(T1089) SMALL EXTRACELLULAR VESICLES FROM METABOLICALLY REPROGRAMMED MESENCHYMAL STEM/STROMAL CELL AS A POTENTIAL IMMUNOSUPPRESSIVE MECHANISM FOR INFLAMMATORY AND AUTOIMMUNE DISEASES
PhDc Universidad de los Andes/IMPACT santiago, Region Metropolitana, Chile
Abstract: Inflammatory and autoimmune diseases significantly impact patients' health and quality of life, and their treatment remains a clinical challenge. Mesenchymal stem cells (MSCs), with diverse biological functions, represent a promising therapeutic approach due to their immunoregulatory effects. The immunomodulatory activity of MSCs is primarily mediated by paracrine factors. However, small extracellular vesicles (sEVs) have been identified as key players in mediating MSCs' biological functions. Our studies on human umbilical cord MSCs (UC-MSCs) demonstrated that metabolic reprogramming to glycolysis significantly enhances their immunoregulatory capacity, particularly in modulating proinflammatory T cells (Th1, Th17) and inducing regulatory T cells (Tregs). In this study, we evaluated the immunosuppressive properties of sEVs derived from glycolytic and non-glycolytic UC-MSCs both in vitro and in vivo.

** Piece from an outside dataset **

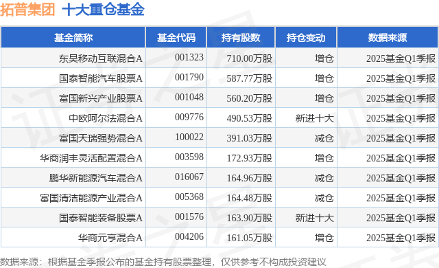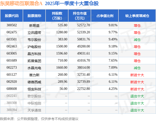 根据2025基金Q1季报公募基金重仓股数据,重仓该股的公募基金共170家,其中持有数量最多的公募基金为东吴基金的东吴移动互联混合A。东吴移动互联混合A目前规模为22.79亿元,最新净值2.8398(4月22日),较上一交易日下跌1.37%,近一年上涨14.93%。该公募基金现任基金经理为刘元海。刘元海在任的基金产品包括:东吴新趋势价值线混合,管理时间为2019年4月29日至今,期间收益率为233.23%;东吴新能源汽车股票A,管理时间为2022年1月25日至今,期间收益率为21.92%;东吴嘉禾优势精选混合A,管理时间为2023年8月15日至今,期间收益率为15.85%。

sEVs-MSCglyco and sEVs-MSCnon-glyco were isolated and characterized using NTA and FACS. Their immunosuppressive activity was assessed first on PBMCs. Additionally, sEV internalization by T cells was evaluated using RTqPCR. We also analyzed the effect of sEVs on memory T cells by FACS, and the production of IL-10, measured by ELISA. Finally, we investigated the immunosuppressive activity of sEVs in vivo using mouse models of delayed-type hypersensitivity (DTH) and collagen-induced arthritis (CIA).
sEVs-MSCglyco significantly reduced T cell proliferation, decreased Th1 cell populations, and induced Treg cells in vitro. Additionally, sEVs were internalized by memory T cells, leading to a reduction in Th1 and Th17 cell populations without affecting Tregs, alongside an increase in IL-10 production. In vivo, sEVs-MSCglyco significantly reduced the inflammatory response in the DTH model by decreasing proinflammatory T cell populations. In the CIA model, infusion of sEVs-MSCglyco reduced disease incidence and progression compared to the control group, correlating with a significant decrease in Th1 and Th17 cells in lymph nodes and peripheral blood.
Glycolytic MSC-derived sEVs effectively modulate activated T cells, enhancing immunoregulatory capabilities both in vitro and in vivo, underscoring their potential as a therapeutic tool for treating inflammatory and autoimmune diseases.
Funding Source: Supported by the ANID from Chile through the grants FONDECYT Regular N°1211353; FONDEF ID: 21110194; and IMPACT FB 210024; Fondecyt Inicio: 11220549; Beca Doctorado Nacional Folio:21210735 and beca FAI Universidad de los Andes.